Every year the Society has their conference a few days prior to the American Psychiatric Association – which really is the best of the best. So far, experts in pharmacology and psychiatry have told me of great things that lie ahead for clinicians and patients. There was literally a host of futuristic developments that expands on the past several years of research and advancement in diagnosis and treatment.

The people know what they are talking about.

Something I remember from a few years ago was talking to Richard M. Weinshilboum, MD. He’s in the Department of Pharmacology and Experimental Therapeutics at the Mayo Medical School in Rochester, Minnesota, and he told me of the revolution in developing new therapeutic agents in medicine during the second half of the 20th century. This, he noted, led to the need for maximizing the efficacy of these agents while minimizing their toxicity. Consequently, he said, the need arose to individualize treatment to the differences in the way different people respond to different drugs. This promoted the discipline of pharmacogenetics, the study of the role of inheritance and individual variations in drug response.

Back to the present conference, I spoke to many who said advances in human genomics and new genomic techniques have now made possible the translation of pharmacogenetics into clinical reality. The absolute bottomline in all of this is: ‘What is the best therapy for me?’ — ie, how to individualize treatment with maximum efficacy and minimum toxicity.

I had a chance to talk to a few doctors and researchers at the Clinical Brain Disorders Branch at the National Institute of Mental Health in Bethesda, Maryland. They told me that neuroimaging has been a cornerstone of the revolution in brain science in psychiatry. In the past, neuroimaging has sought to find the patterns associated with mood and anxiety states as well as cognitive dysfunction in psychiatric disorders. With the current advances in genomics the emphasis may now shift to assess genetic conditions that may serve as risk factors for psychiatric disorders.

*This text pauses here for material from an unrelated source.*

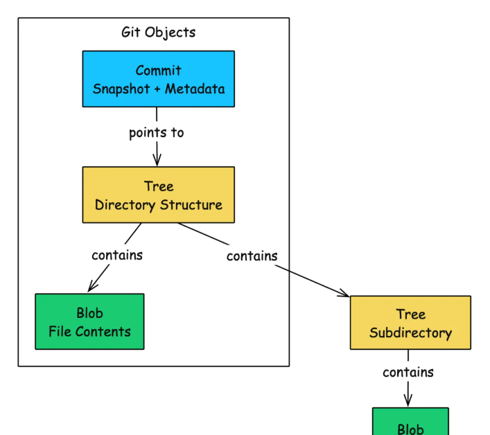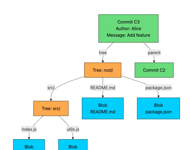 Tree: 4c5f8a2b9d3e7f1a6b0c8d5e2f9a4b7c3d6e0f1a├── README.md -> blob 5dd01c17... (100644)├── src/ -> tree 8a3b2c1d...└── package.json -> blob 7f2e3d4c... (100644)

One area I am interested in looking into is the treatment of psychiatric disorders in general and mood disorders in particular. This is important because the explosive growth of new therapeutic agents. Because of this clinicians have focused on the need for rational treatment (ie, how to sequence the therapeutic agents or combine them if needed). Thus, treatment algorithms started developing in psychiatry after decades of use elsewhere in medicine. Something I’d like to emphasize is the need for empirically based treatment plans as well as the consideration of patient preferences and clinical consensus.

An area that needs a great deal of attention is alcoholism v non-alcoholism. A few years back I listened to a speaker, I forget his name, but he discussed a 20-year longitudinal study of risk factors for alcoholism. The guy reviewed genetics of alcoholism, saying the concordance of alcoholism for monozygotic twins is twice that for dizygotic twins and that adopted children of alcoholics are at a 4-fold greater risk for alcoholism than are the children of nonalcoholics.

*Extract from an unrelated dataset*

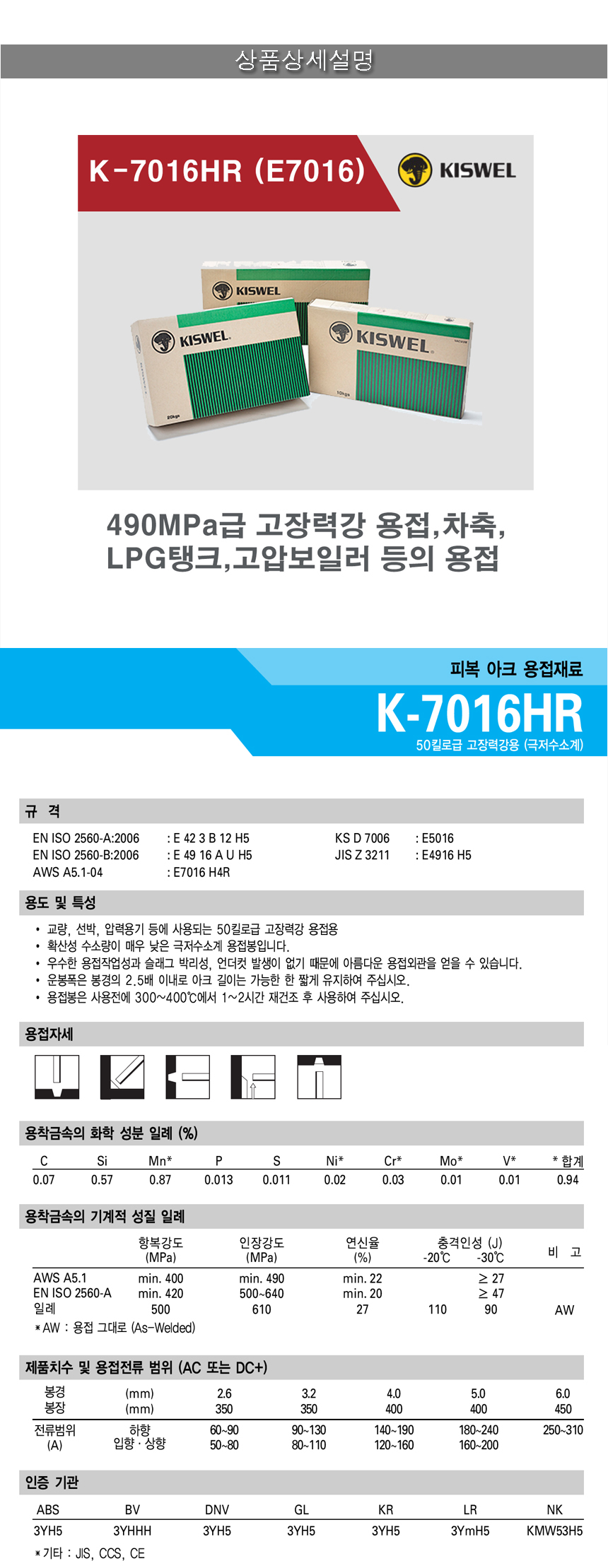490MPa급 고장력강 용접, 선박, 차축, LPG탱크, 고압보일러 등의 용접, 고유황강의 용접

Keep in mind that 60% of the variance of risk for alcoholism is associated with genetic factors, while 40% is associated with environmental factors. Genes determine how one metabolizes alcohol and also influence the level of response to alcohol. They also play a role in a person’s being disinhibited or impulsive, which is a risk factor in alcoholism.

This might be boring to some of you, but I was loving this!

The conference runs through to Saturday.

In addition to continuing scientific advances, the next several years may see a movement away from viewing psychiatric disorders as conditions of weak will and lack of motivation but rather as similar to other medical disorders, neurologic diseases, and genetic abnormalities in which individualized treatments promote healthy functioning, productivity, and creativity.